Left calls for CITU strike, workers don't care

CNN-IBN

New Delhi: CPI-M-backed labour union CITU has called for a 24-hour nationwide strike on Wednesday demanding benefits for workers in the unorganised sector. But the workers themselves don't think a strike is their best option.

Twenty-one-year- old Shyam Sunder Singh sells corn in Kolkata's Ezra Street for a living.

If he is lucky, he earns around Rs 100 everyday. Shyam is part of unorganised sector, which constitutes over 90 per cent of India's workforce. But he is unhappy with the CITU bandh called to demand more benefits for workers like him. He says the strike would only serve to deprive him of his daily bread.

Shyam says, “See a strike means loss of earning and sitting idle. I don't support the strike at all.”

The CITU is unhappy with a proposed legislation for unorganised workers. It says a draft bill sent for the perusal of the National Advisory Board, does not meet many of the workers' requirements.
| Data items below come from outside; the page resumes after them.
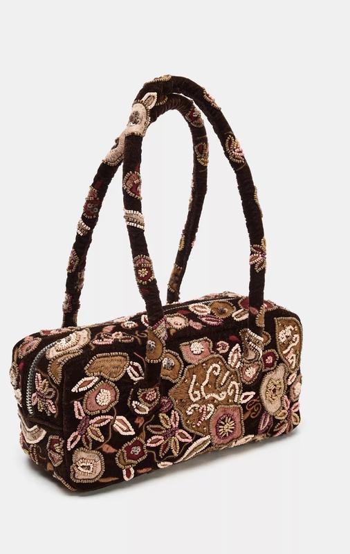 Вишита вілюрова сумочка Zara оригінал Висота: 14,17 см Ширина: 27,21 см Довжина: 14,24 см СКЛАД ЗОВНІШНЯ ОБОЛОНКА 100% поліестер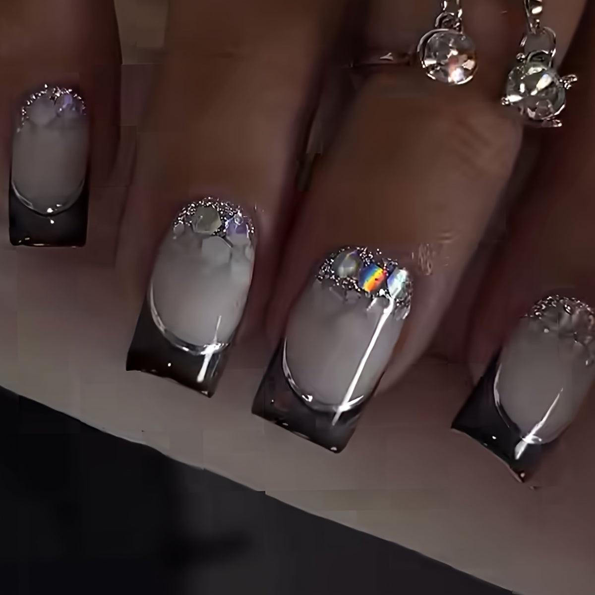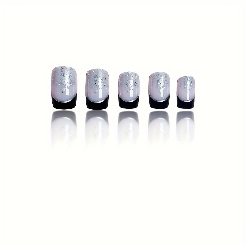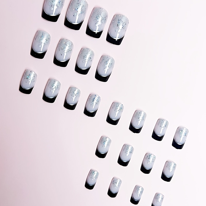 24pcs Fashionable Business Casual Elegant Daily Modern European Black French-Style Silvery Line Glitter Medium Square Fake Nail Set for and Women, Instantly Enhance Your Style, False Nails, Press On Nails, French Manicure, Mo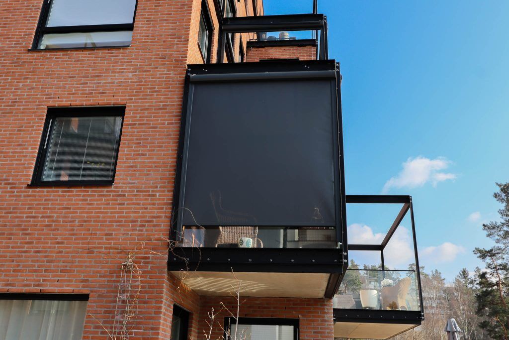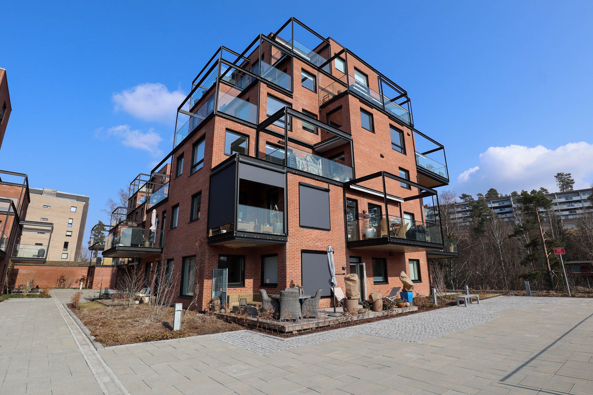 Da Skaret boligsameie i Kolbotn skulle velge leverandør av solskjerming til sine to leilighetsbygg, var vi i Solskjermingsgruppen så heldige at valget falt på oss. Skaret lot sine beboere stå for valget av solskjerming til sine boliger. Vi kunne tilby dem både pergola, markise og Zip-screen. Beboerne i de til sammen 61 leilighetene, gikk for ulike valg og sammen med den unike arkitekturen på bygget ble resultatet absolutt noe å skryte av.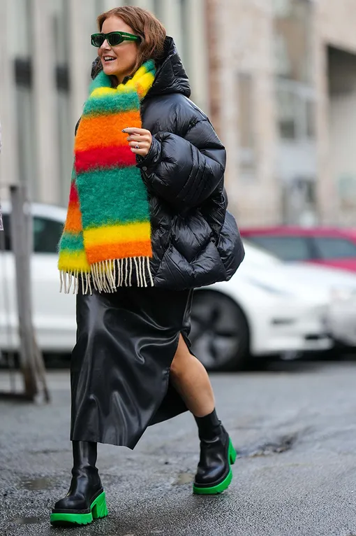 То, что яркий цветной шарф исправит аутфит в стиле семейки Аддамс, ты и без нас знаешь. А пробовала ли ты ввести в look челси на цветной подошве? Таких моделей, кстати, в последнее время мы замечаем немало. Ненавязчивый, но сочный акцент – нравится!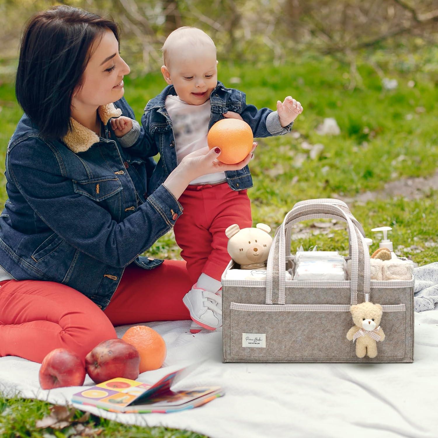 LIGHTWEIGHT & MULTI-PURPOSE: This baby diaper caddy organizer with handle is perfect for nursery storage, car caddy, or bedside diaper changing station. Store diapers, wipes, breast pump, baby bath items, or toys—ideal for travel and everyday use as baby room organizer and storage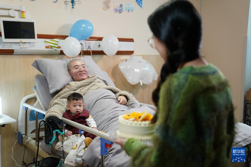 3月28日,邓先生通过脑机接口控制外骨骼给蛋糕插上蜡烛。新华社记者 周密 摄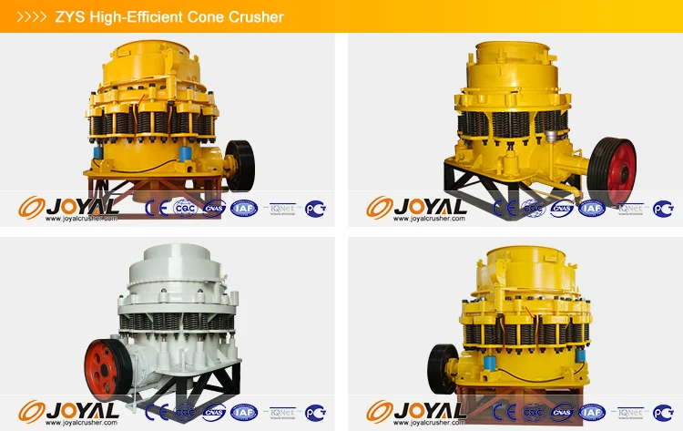 JOYAL High Crushing Ratio automatic stone crusher is a high-performance model optimized and improved on the basis of PY Series Spring Cone Crusher. The ZYS High-Efficient Cone Crusher is widely used for secondary and fine crushing in the fields of mining, building materials, metallurgies and so on. The ZYS High-Efficient Cone Crusher can crush materials with middle and high hardness, such as, metal ore, basalt, granite, limestone, cobblestone, sandstone and so on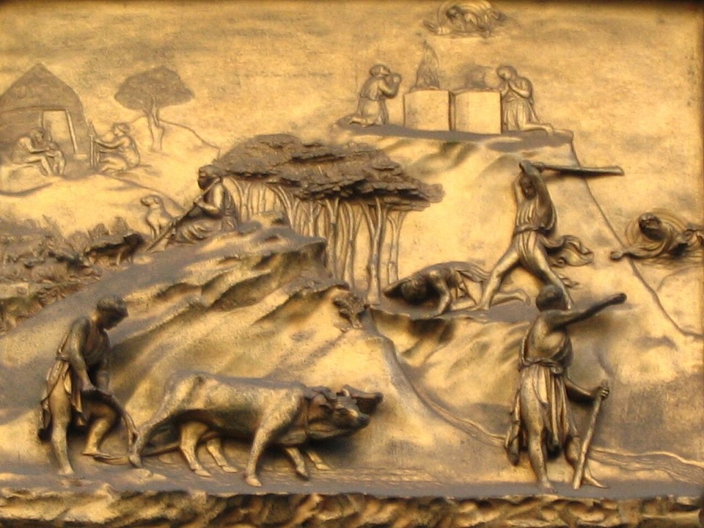 The Baptistery’s prestigious location directly in front of Florence’s Duomo meant that the benefactors, the wealthy and powerful Guild of Cloth Merchants, wanted to make an unmistakable religious statement. A competition was held and Ghiberti’s proposal for a set of doors won the commission. The merchants were swayed by panels depicting a veritable who’s who of Old Testament characters and Biblical stories: Adam and Eve, Cain and Able, Noah, Moses, Abraham, Joseph, and Solomon.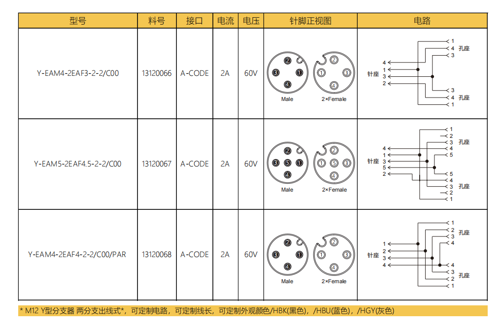 M 12オリフィスA-CODEフィールド結線可能コネクタ
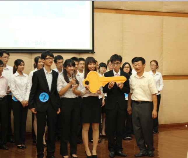 本网讯 5月17日,我校首届BAB创业项目竞投会决赛在南校图书馆报告厅隆重举行。“M方工作室”凭借其“创意、公益、设计”的理念勇夺一等奖、最佳人气奖及直接进驻南校区学生创业实践基地三项大奖。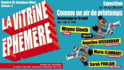 La Vitrine Ephémère vous invite à découvrir sa nouvelle exposition ’comme un air de printemps’ qui débutera le 10 Avril jusqu’au 28 Avril .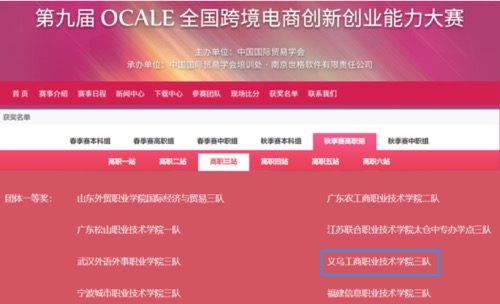 近日,2023年由中国国际贸易学会主办的两项赛事落下帷幕,我院学生团队在第九届OCALE全国跨境电商创新创业能力大赛秋季赛中荣获一等奖二项、二等奖二项、三等奖二项,教师团队在第五届全国数字贸易教师教学实践能力竞赛中荣获特等奖一项、一等奖一项、二等奖一项、三等奖一项。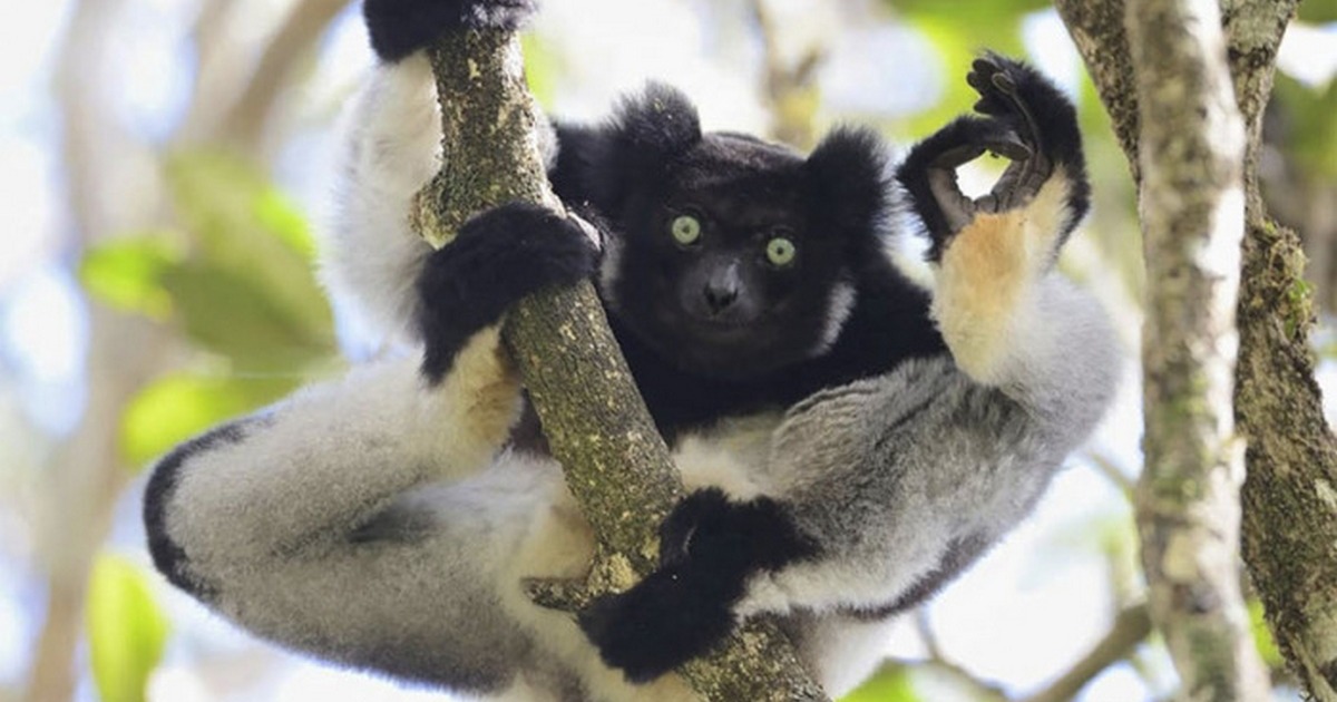 7. Короткохвостый индри показывает знак «ОК!», резервация на острове Мадагаскар

The CITU has come up with 15 key demands including Social Security for the workers. A provident fund scheme, health scheme and maternity benefit.

The CITU alleges that the Centre initially agreed to many of these demands but has now gone back on its promise.

CITU West Bengal Unit Gen Secretary Shymal Chakrabarti says, “By this new Bill they want to deprive the whole of unorganised sector people who are poorer. What we are saying, they are going out of their own commitments so we are fighting them.”

The Centre has so far not commented on these allegations.

What’s ironic is that it’s the very same CPM of which CITU is a part that is supporting the Congress-led government at the Centre.

But both have consistently failed to see eye-to-eye on key issues whether it be the nuclear deal or labour policies.